Open epag opened 3 weeks ago

epag commented 3 weeks ago

Author Name: James (James) Original Redmine Issue: 60317, https://vlab.noaa.gov/redmine/issues/60317 Original Date: 2019-02-19


Given a desire to test as many operational situations as practicable before a candidate is released, when I develop system tests to implement that goal, then I want to consider more situations in which the database has not been cleaned.

I seem to be unique in executing the WRES without cleaning regularly. I have seen many failures (generally in the execution of scripts) under these circumstances that are only solved by cleaning the database.

I understand that, when I see a specific failure, I should open a ticket and try to document the reproducible conditions. However, in reality, I don't always do this, because I'm in the middle of something else and these types of failures involve interactions that are hard to reproduce (sorry, an admission of guilt).

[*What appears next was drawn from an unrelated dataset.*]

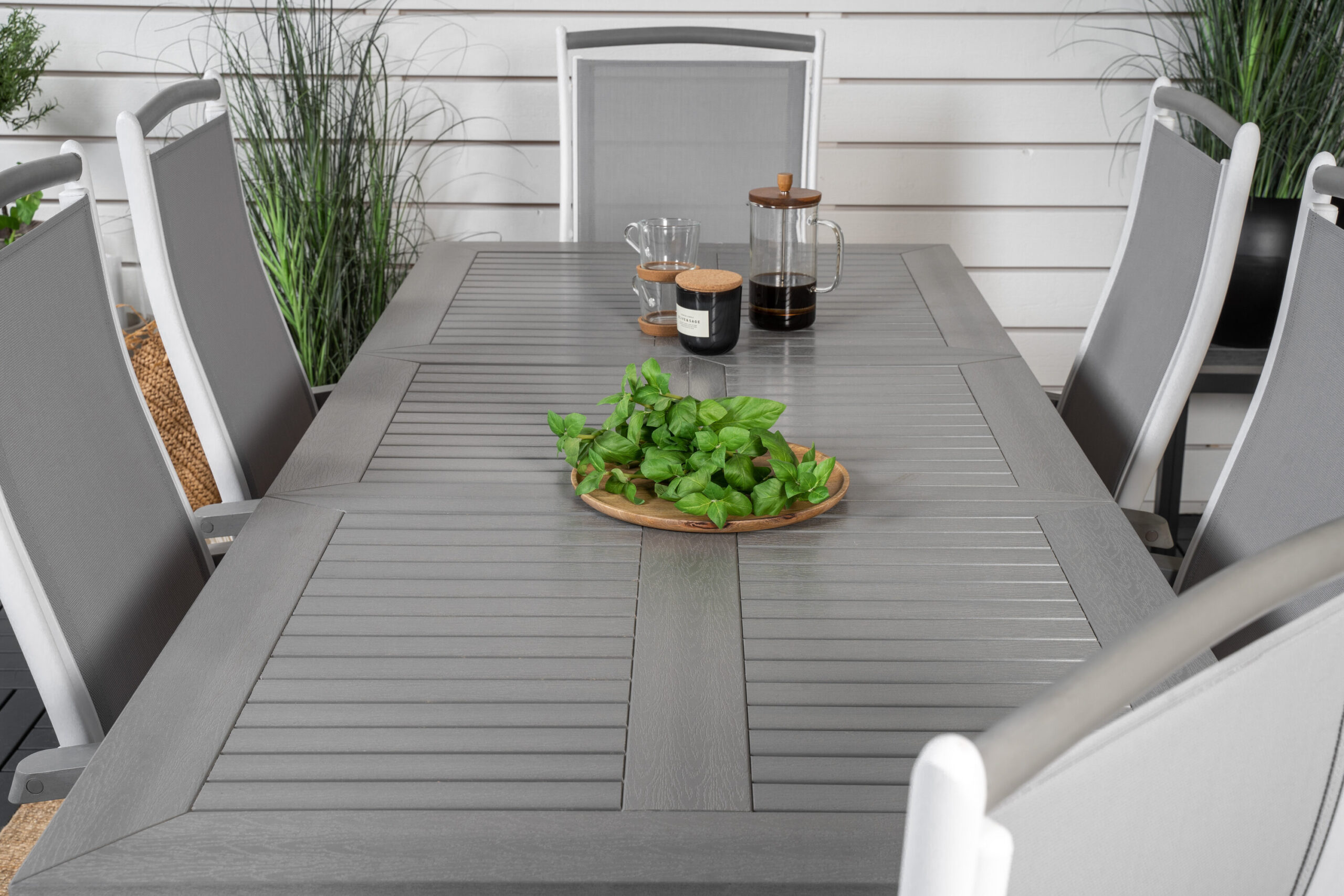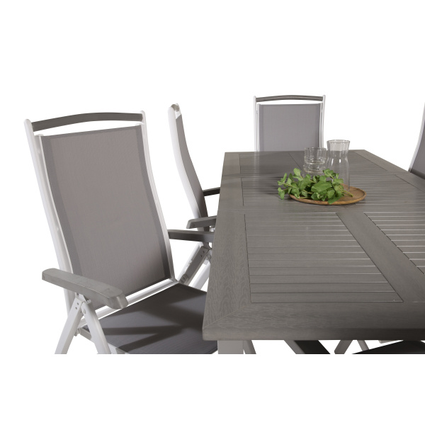 Att köpa en färdigkomponerad matgrupp är både trendsäkert och praktiskt! Här kombinerar vi vårt matbord Albany tillsammans med våra sittvänliga matstolar i serien Albany med fällbara ryggstöd. Låt din uteplats präglas av din nya iögonfallande matgrupp som passar lika bra till en solig lunch som till härliga festmåltider.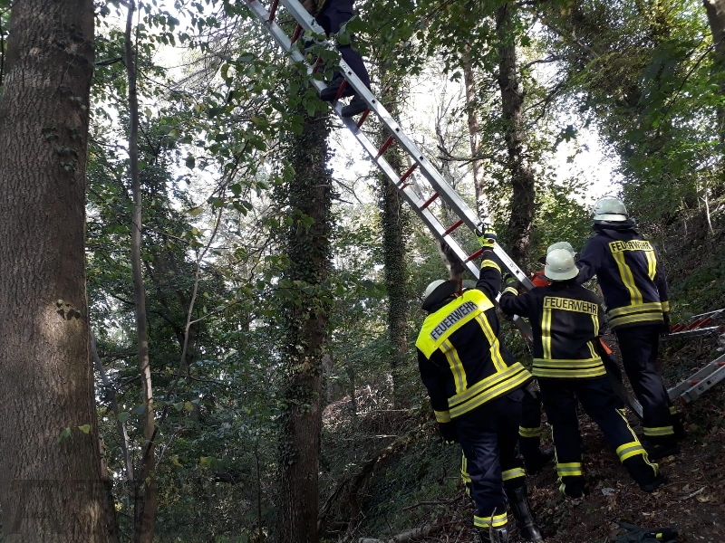Am 24.09.19 wurde Löschgruppe Obermarsberg durch die Leitstelle HSK zu einer Tierrettung im Waldstück "Hagen" "Auf der Mauer" alarmiert. Die Einsatzstelle befand sich direkt hinter dem Feuerwehrhaus, sodass die Einsatzkräfte zu Fuß zur Einsatzstelle gingen. Zu diesem Zeitpunkt war bereits die Besitzerin der Katze vor Ort. Sie berichtet, das "Sudan" seit ein paar Tagen nicht mehr zu Hause gewesen sei. Weitere Spaziergänger berichten, dass die Katze seit mindestens einen im Baum sitze. Sie saß in ca.6m Höhe in einer Astgabel und zeigte sich sichtlich geschwächt. Nachdem der abschüssige Waldboden unter dem Baum begradigt wurde, konnte die vierteilige Steckleiter (drei Teile zeigten sich als ausreichend) sicher aufgestellt werden. Ein Feuerwehrmann stieg bis zur Astgabelung die Leiter hinauf und bekam die Katze zu greifen. Das Tier zeigte sich als sehr zahm und klammerte sich an den Feuerwehrmann. Am Boden angekommen, konnte die Katze ihrer Besitzerin übergeben werden. Der Einsatz zeigte großes Aufsehen bei einigen Bürgern, so dass die eingesetzten Feuerwehrfrauen und Feuerwehrmänner Beifall erhielten. Nachdem sich die Besitzerin bei allen Einsatzkräften bedankte, wurden die Steckleiter zurück gebaut und die Heimreise zu Fuß angetreten.

As a starting point, I would like to see us implement one sequence of system tests in which we execute all tests without cleaning. Another possibility is that we randomize the order in which this sequence of tests is executed (and obviously document the selected order to reproduce). Obviously, tests should be deterministic, in general, not random, but the individual tests will remain deterministic, and the collection of tests as a whole will remain deterministic, only the sequencing will change (much like renaming a JUnit test method). The aim here is to increase confidence over the long-run. Other suggestions are very welcome.


Related issue(s): #187 Redmine related issue(s): 51655, 69087


epag commented 3 weeks ago

Original Redmine Comment Author Name: Hank (Hank) Original Date: 2019-02-19T12:12:35Z


James,

I'm fine with what you propose.

Removing the cleaning is easy: just get rid of the 0-byte CLEAN files.

As for randomizing the order, JUnit should help to facilitate this, right? Looking at the website,

https://github.com/junit-team/junit4/wiki/test-execution-order

Does one of the ordering schemes mentioned represent what you want? I think truly random would be, @FixMethodOrder(MethodSorters.JVM), while the default ordering with 4.11 (would need to confirm version) is random but consistent, which I think is what this means: "deterministic, but not predictable".

Thanks,

Hank

epag commented 3 weeks ago

Original Redmine Comment Author Name: James (James) Original Date: 2019-02-19T12:27:28Z


Hank,

To be clear (and I don't think you are necessarily saying this either), I don't want to replace our existing system test sequence, but add one. We may want to aggregate the reporting via e-mail, however.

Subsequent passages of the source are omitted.